+++ LISTED RECORDS +++

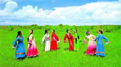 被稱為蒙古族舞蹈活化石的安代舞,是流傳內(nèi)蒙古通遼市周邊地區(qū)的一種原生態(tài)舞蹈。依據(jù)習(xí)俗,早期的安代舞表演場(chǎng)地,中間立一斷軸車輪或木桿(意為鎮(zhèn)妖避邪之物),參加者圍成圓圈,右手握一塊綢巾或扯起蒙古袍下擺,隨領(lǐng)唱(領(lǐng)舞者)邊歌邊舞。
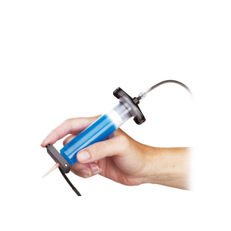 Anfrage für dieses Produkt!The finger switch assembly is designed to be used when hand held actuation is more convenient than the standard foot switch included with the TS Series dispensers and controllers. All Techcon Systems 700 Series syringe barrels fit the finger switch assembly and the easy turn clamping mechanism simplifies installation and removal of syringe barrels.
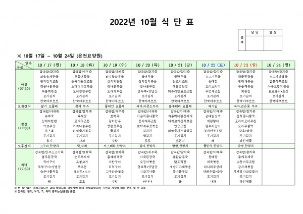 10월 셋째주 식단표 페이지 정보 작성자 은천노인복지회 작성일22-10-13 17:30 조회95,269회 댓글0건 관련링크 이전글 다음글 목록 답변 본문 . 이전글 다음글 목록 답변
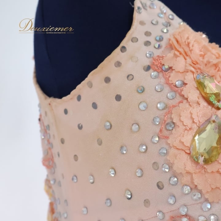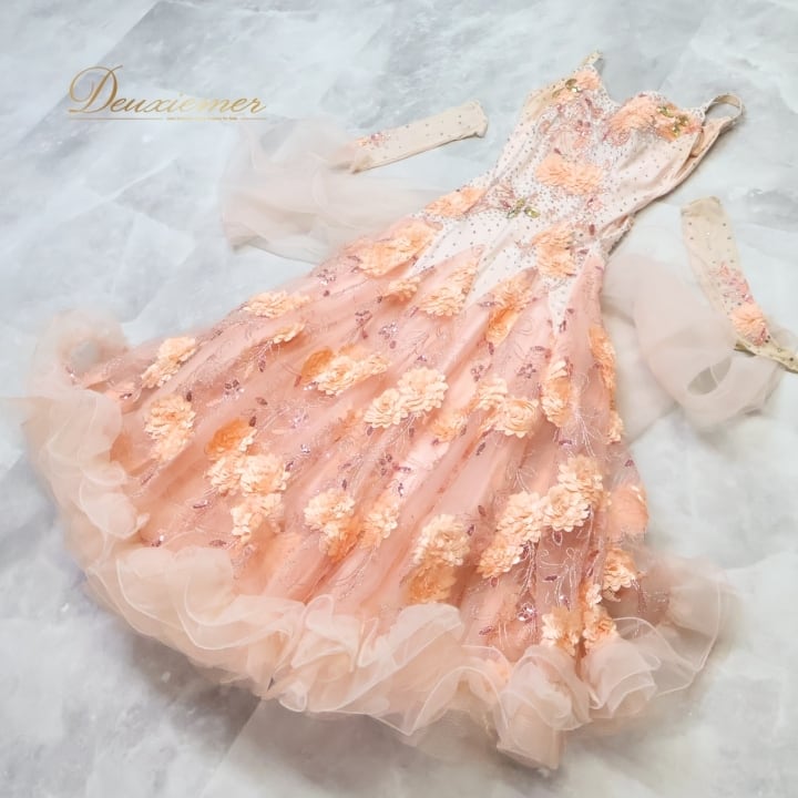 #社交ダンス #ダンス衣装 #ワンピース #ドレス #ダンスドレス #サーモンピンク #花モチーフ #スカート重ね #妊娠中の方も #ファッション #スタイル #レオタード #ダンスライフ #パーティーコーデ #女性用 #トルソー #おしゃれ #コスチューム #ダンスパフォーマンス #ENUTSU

+++
+++ LISTED RECORDS +++

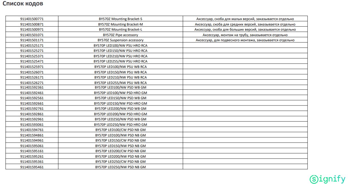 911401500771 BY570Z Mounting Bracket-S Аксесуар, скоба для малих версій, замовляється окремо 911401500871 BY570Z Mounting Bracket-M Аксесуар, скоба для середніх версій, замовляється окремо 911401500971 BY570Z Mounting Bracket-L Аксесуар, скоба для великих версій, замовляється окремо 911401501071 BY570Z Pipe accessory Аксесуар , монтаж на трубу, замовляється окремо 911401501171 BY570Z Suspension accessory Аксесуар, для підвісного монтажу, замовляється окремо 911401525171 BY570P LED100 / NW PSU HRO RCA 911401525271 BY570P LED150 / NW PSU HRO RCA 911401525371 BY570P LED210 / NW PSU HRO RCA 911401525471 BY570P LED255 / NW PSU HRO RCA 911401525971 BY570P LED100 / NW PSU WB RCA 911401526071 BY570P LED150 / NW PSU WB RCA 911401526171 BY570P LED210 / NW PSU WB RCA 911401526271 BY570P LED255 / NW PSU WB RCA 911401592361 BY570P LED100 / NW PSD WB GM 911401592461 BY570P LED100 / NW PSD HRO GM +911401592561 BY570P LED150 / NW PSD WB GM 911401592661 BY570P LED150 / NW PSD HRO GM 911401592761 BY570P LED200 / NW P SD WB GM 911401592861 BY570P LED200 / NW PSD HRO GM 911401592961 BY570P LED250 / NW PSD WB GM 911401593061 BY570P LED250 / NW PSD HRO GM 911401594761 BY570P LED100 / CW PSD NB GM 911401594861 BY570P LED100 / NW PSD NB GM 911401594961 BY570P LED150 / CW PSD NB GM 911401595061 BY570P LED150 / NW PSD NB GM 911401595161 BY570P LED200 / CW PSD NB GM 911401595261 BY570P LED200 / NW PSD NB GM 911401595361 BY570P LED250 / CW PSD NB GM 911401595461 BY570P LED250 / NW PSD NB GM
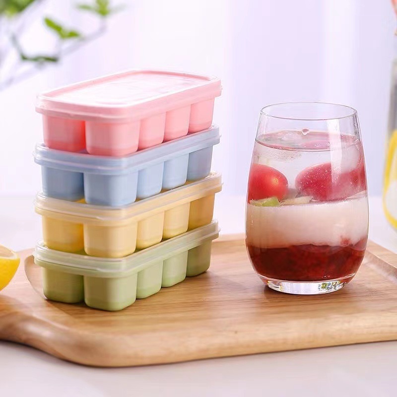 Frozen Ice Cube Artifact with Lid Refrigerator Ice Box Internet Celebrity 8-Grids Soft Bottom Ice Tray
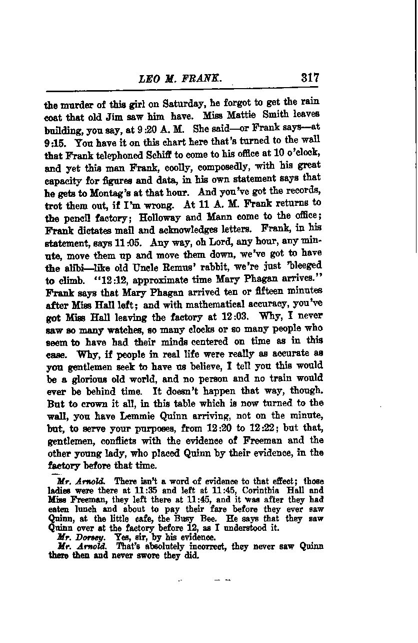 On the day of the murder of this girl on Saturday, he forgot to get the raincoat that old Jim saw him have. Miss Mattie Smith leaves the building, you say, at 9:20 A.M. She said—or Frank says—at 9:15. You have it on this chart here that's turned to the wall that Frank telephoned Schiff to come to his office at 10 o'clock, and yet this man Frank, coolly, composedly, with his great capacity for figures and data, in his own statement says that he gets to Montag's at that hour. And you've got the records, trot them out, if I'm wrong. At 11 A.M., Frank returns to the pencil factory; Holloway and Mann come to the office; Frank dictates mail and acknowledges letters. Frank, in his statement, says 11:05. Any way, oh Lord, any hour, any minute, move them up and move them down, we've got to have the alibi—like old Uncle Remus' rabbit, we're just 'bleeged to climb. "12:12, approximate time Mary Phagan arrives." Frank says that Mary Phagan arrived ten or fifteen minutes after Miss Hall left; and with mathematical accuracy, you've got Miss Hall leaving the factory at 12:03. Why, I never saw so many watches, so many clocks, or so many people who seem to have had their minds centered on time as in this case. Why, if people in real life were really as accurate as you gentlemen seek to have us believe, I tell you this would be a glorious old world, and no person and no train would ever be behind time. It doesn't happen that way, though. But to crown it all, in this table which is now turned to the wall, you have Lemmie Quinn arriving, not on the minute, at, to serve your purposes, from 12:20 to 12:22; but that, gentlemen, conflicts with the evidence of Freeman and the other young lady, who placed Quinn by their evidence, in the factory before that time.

+++

WHAT THE TASK ASKS => In the listing above, find the line with "Anfrage für dieses" and the line with "#社交ダンス #ダンス衣装 #ワンピース". Copy exactly those lines and all between them, minus the images.

SOLUTION BELOW =>
 Anfrage für dieses Produkt!The finger switch assembly is designed to be used when hand held actuation is more convenient than the standard foot switch included with the TS Series dispensers and controllers. All Techcon Systems 700 Series syringe barrels fit the finger switch assembly and the easy turn clamping mechanism simplifies installation and removal of syringe barrels.
 10월 셋째주 식단표 페이지 정보 작성자 은천노인복지회 작성일22-10-13 17:30 조회95,269회 댓글0건 관련링크 이전글 다음글 목록 답변 본문 . 이전글 다음글 목록 답변
 #社交ダンス #ダンス衣装 #ワンピース #ドレス #ダンスドレス #サーモンピンク #花モチーフ #スカート重ね #妊娠中の方も #ファッション #スタイル #レオタード #ダンスライフ #パーティーコーデ #女性用 #トルソー #おしゃれ #コスチューム #ダンスパフォーマンス #ENUTSU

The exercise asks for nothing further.